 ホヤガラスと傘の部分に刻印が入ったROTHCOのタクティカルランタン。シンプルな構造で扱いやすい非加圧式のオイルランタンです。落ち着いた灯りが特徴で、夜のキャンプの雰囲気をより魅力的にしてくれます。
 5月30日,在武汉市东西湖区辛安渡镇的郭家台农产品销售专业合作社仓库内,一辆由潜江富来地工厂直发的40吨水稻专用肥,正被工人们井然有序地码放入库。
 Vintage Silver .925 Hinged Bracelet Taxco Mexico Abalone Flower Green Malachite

————————

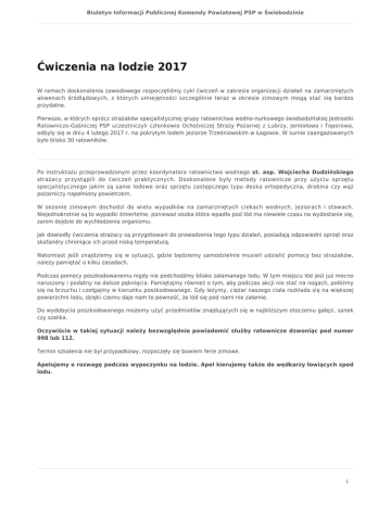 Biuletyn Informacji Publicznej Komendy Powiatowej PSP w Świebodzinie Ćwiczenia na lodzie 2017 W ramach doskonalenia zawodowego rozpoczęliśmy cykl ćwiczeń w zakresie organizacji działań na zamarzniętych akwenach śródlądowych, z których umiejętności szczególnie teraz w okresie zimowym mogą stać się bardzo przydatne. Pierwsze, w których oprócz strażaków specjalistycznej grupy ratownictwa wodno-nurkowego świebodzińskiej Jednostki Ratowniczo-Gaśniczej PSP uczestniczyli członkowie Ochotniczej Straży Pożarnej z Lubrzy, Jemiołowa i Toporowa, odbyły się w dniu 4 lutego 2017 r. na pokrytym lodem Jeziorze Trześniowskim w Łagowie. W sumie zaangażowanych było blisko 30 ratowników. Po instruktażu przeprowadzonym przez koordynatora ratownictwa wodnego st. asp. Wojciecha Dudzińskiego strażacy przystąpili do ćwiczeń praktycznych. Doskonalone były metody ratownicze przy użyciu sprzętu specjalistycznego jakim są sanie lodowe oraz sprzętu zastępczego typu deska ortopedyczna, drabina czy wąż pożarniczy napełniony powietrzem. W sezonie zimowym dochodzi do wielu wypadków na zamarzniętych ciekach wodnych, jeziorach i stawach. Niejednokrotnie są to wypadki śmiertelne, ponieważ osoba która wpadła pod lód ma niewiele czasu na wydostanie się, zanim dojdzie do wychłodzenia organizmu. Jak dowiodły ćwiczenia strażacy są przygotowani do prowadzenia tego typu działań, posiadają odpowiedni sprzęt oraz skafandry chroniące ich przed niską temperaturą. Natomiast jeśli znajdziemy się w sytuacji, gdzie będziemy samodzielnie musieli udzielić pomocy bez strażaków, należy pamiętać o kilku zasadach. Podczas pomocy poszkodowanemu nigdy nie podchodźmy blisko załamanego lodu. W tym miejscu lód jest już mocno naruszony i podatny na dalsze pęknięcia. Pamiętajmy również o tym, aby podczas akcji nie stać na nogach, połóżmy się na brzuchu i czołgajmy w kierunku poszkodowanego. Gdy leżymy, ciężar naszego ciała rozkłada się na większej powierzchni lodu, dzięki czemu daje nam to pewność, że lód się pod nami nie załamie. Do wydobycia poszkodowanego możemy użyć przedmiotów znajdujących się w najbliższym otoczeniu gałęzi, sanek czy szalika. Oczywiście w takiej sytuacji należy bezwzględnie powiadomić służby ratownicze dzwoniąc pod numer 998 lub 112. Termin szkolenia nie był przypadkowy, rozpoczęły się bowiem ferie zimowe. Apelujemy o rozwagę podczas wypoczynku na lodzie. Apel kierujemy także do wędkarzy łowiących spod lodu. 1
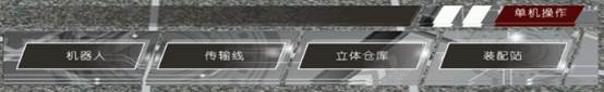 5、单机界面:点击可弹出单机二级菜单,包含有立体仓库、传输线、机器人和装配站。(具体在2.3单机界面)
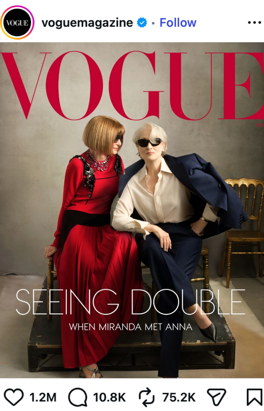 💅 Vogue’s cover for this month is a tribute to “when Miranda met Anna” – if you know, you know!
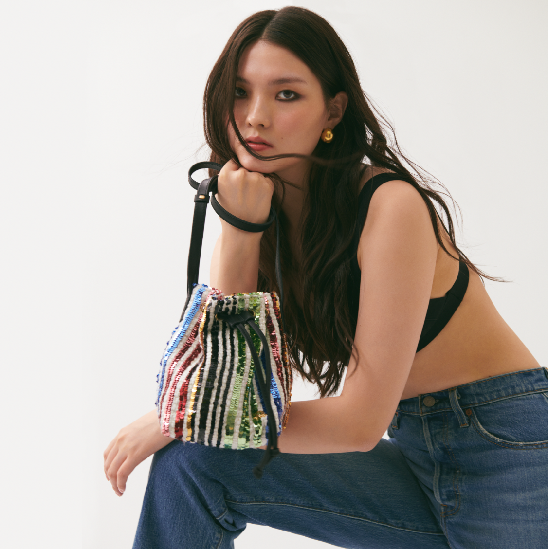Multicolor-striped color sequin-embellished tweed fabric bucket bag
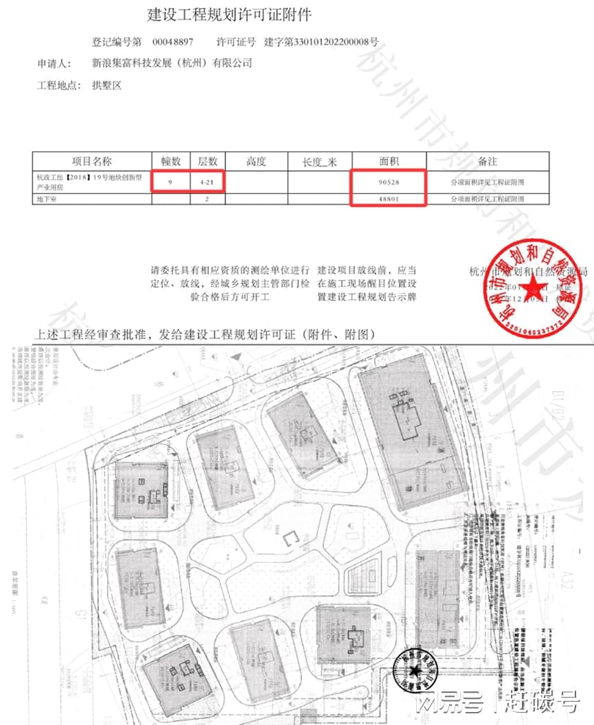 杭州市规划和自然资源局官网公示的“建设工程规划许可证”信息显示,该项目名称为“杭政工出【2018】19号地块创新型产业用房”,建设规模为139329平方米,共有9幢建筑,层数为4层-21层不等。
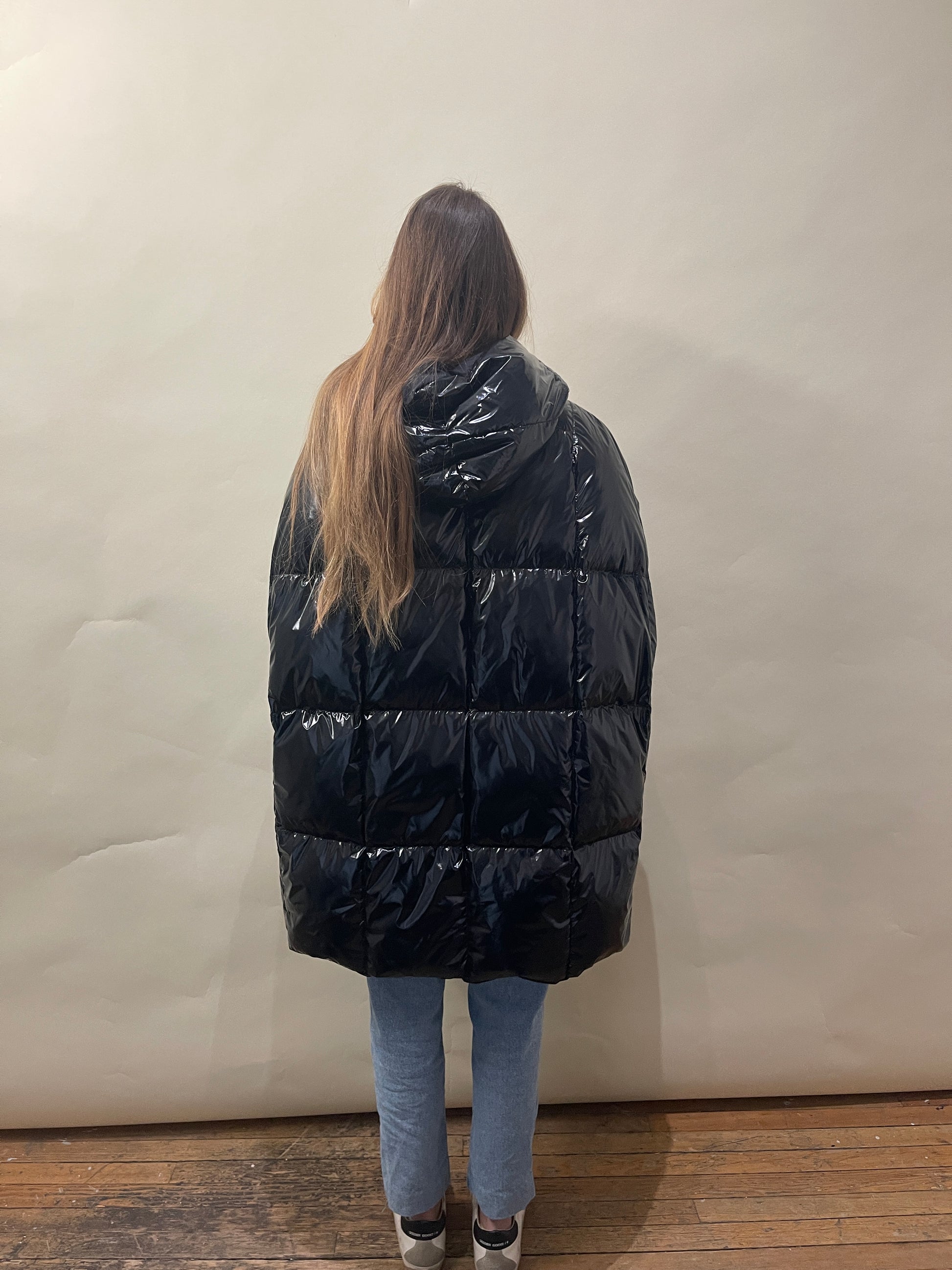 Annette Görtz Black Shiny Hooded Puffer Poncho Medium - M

————————

[WORK INSTRUCTIONS] Your answer should be the exact lines above from the one containing "Multicolor-striped color sequin-embellished" through the one containing "Annette Görtz Black", with both end lines kept and the pictures removed, please.

[SOLUTION TO THE PROBLEM]
Multicolor-striped color sequin-embellished tweed fabric bucket bag
 杭州市规划和自然资源局官网公示的“建设工程规划许可证”信息显示,该项目名称为“杭政工出【2018】19号地块创新型产业用房”,建设规模为139329平方米,共有9幢建筑,层数为4层-21层不等。
 Annette Görtz Black Shiny Hooded Puffer Poncho Medium - M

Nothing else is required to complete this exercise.